3. The knowledge-graph-based data processing method according to claim 2, wherein the plurality of direction vectors assigned to the sentence unit are synthesized, and the plurality of direction vectors assigned to the sentence unit are combined into one direction vector.
4. A knowledge-graph based data processing method according to any one of claims 1 to 3, characterized in that the retrieval in the knowledge-graph using the pointing vector comprises:
Taking the connection points of the two directional vectors with connection relations on the sequence as nodes, and bringing the content at the nodes or in the range of the nodes into a first retrieval range;
combining the obtained first search ranges to obtain a second search range, wherein at least one content of the first search range has a direct connection relationship with the content in the other first search range;
obtaining a sub-knowledge graph by using the content in the second retrieval range;
and searching in the sub-knowledge graph by using the pointing vector to obtain a search result.

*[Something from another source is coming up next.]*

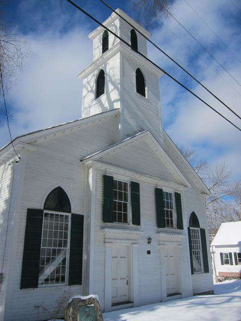 Built in 1837, the stone with the plaque in front of the Guilford Center Meeting House commemorates the first president of Tufts University. Note the staircases crossing the front windows. I cannot wait to get inside this structure.
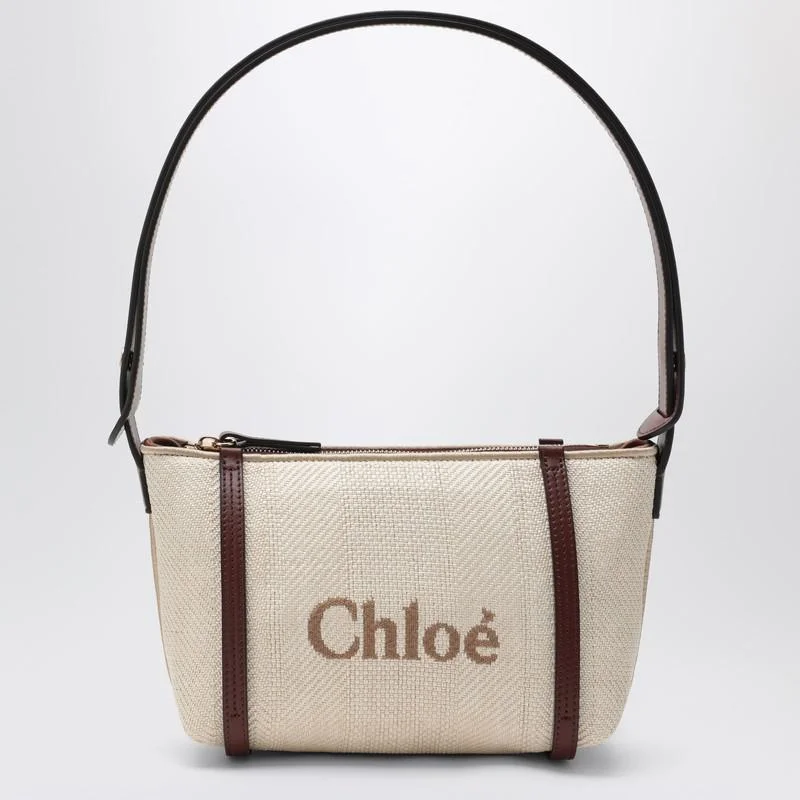 Chloe shoulder bag in sand-coloured jacquard cotton fabric, featuring a zip closure, contrasting vertical leather straps, embroidered logo lettering on the front, one flat internal pocket, and an adjustable shoulder strap. Gender: Women Material: 69% Cotton - 31% Polyamide / Details in calf leather Color: Beige Made in: Italy Product ID: CH25UP566P38/R_CHLOE-24P *Import tax/duty will be calculated at checkout (If applicable)

5. The knowledge-graph based data processing method of claim 4, wherein retrieving in the sub-knowledge-graph using the pointing vector comprises:
Calculating the association degree of each content in the sub-knowledge graph and the direction vector, and grouping the content in the sub-knowledge graph according to the association degree to obtain a plurality of content groups;
Sorting the content packets according to the association degree, wherein the association degree of the content packets is inversely related to the position in the sequence;
The search result is obtained in at least the preceding content packet of the sequential sequence.
6. The knowledge-graph based data processing method of claim 5, wherein obtaining a search result in at least a previous content packet of the sequential sequence comprises:
Obtaining a plurality of content in a first content packet;
Sorting the contents according to the relation and constructing a comparison pointing vector according to the sorted contents;
Calculating the similarity of the pointing vector and the contrast pointing vector;
when the similarity between the pointing vector and the contrast pointing vector is larger than or equal to a set threshold value, the ordered content is used as a retrieval result;
Splitting and reconstructing the contrast pointing vector when the similarity of the pointing vector and the contrast pointing vector is smaller than a set threshold, wherein the similarity of the reconstructed contrast pointing vector and the pointing vector is larger than or equal to the set threshold;
and supplementing the search result by using the newly added part in the reconstructed contrast pointing vector.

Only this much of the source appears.